* **Directions**
The material below should be copied line for line, please, with pictures omitted.

* **Recorded information**
►
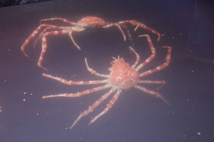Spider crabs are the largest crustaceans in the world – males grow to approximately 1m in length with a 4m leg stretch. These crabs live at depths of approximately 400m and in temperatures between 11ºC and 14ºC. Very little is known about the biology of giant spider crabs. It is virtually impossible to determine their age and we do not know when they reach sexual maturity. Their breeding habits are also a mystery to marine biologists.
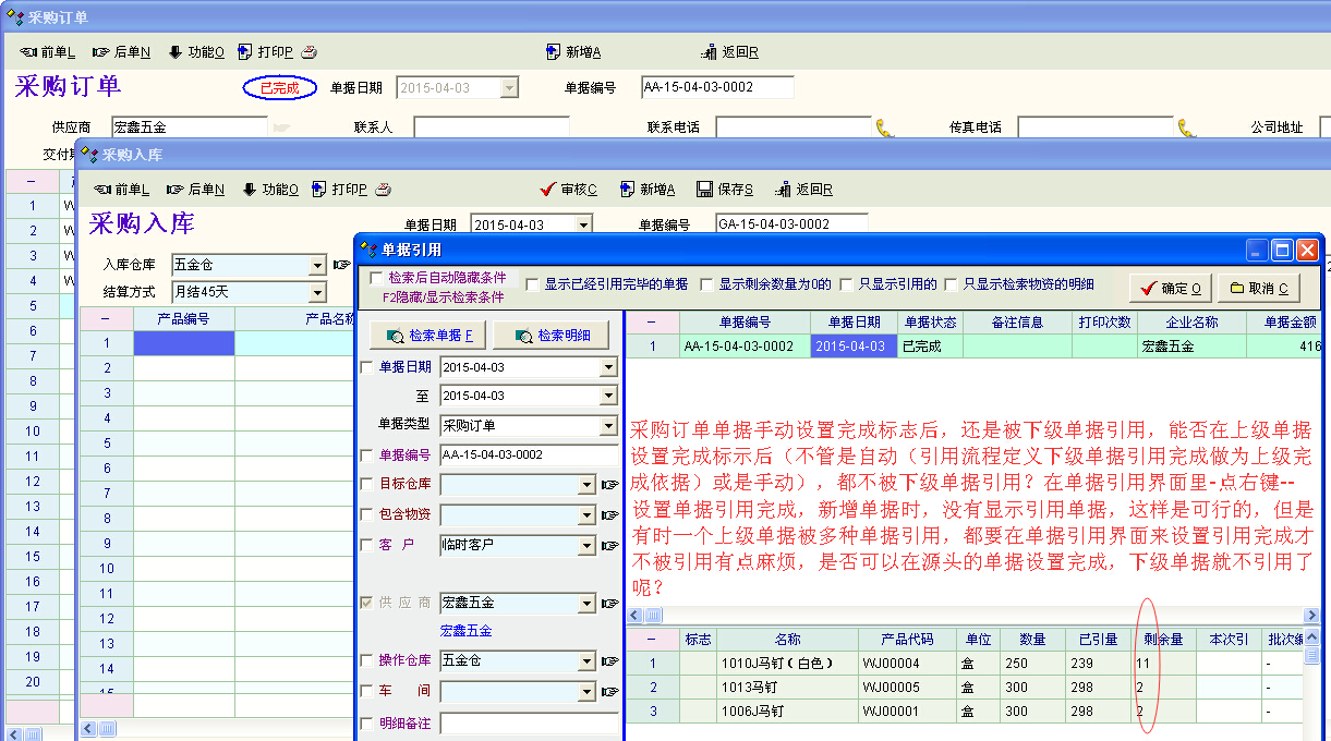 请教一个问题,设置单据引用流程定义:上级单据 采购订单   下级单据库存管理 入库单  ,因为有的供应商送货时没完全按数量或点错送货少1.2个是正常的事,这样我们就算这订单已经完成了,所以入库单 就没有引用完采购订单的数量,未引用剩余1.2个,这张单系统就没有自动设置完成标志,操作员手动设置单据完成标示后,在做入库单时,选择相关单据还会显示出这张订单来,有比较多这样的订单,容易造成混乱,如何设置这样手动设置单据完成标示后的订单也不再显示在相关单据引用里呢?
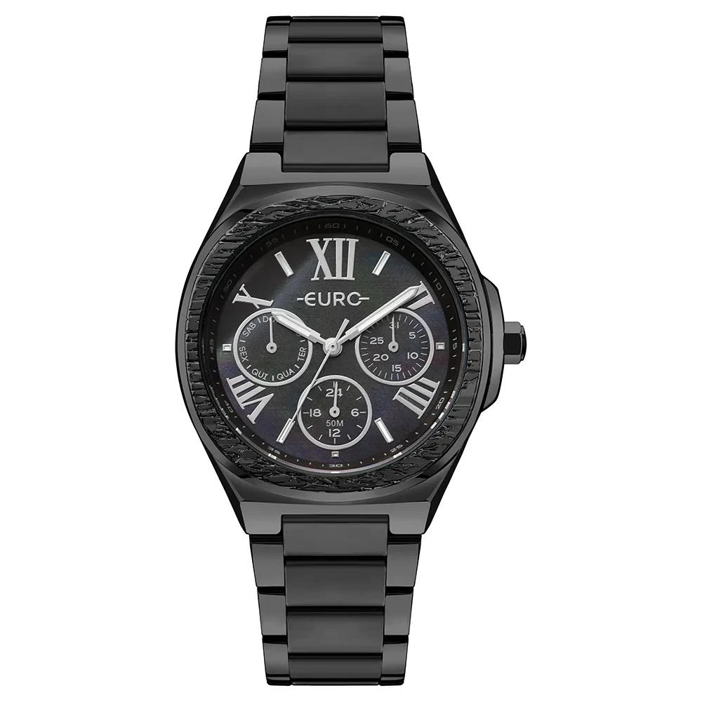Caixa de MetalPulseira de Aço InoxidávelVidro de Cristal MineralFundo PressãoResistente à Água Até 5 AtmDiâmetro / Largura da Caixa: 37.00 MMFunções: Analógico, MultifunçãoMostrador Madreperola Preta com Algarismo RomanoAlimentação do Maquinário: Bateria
◄
* **Output below**
Spider crabs are the largest crustaceans in the world – males grow to approximately 1m in length with a 4m leg stretch. These crabs live at depths of approximately 400m and in temperatures between 11ºC and 14ºC. Very little is known about the biology of giant spider crabs. It is virtually impossible to determine their age and we do not know when they reach sexual maturity. Their breeding habits are also a mystery to marine biologists.
 请教一个问题,设置单据引用流程定义:上级单据 采购订单   下级单据库存管理 入库单  ,因为有的供应商送货时没完全按数量或点错送货少1.2个是正常的事,这样我们就算这订单已经完成了,所以入库单 就没有引用完采购订单的数量,未引用剩余1.2个,这张单系统就没有自动设置完成标志,操作员手动设置单据完成标示后,在做入库单时,选择相关单据还会显示出这张订单来,有比较多这样的订单,容易造成混乱,如何设置这样手动设置单据完成标示后的订单也不再显示在相关单据引用里呢?
Caixa de MetalPulseira de Aço InoxidávelVidro de Cristal MineralFundo PressãoResistente à Água Até 5 AtmDiâmetro / Largura da Caixa: 37.00 MMFunções: Analógico, MultifunçãoMostrador Madreperola Preta com Algarismo RomanoAlimentação do Maquinário: Bateria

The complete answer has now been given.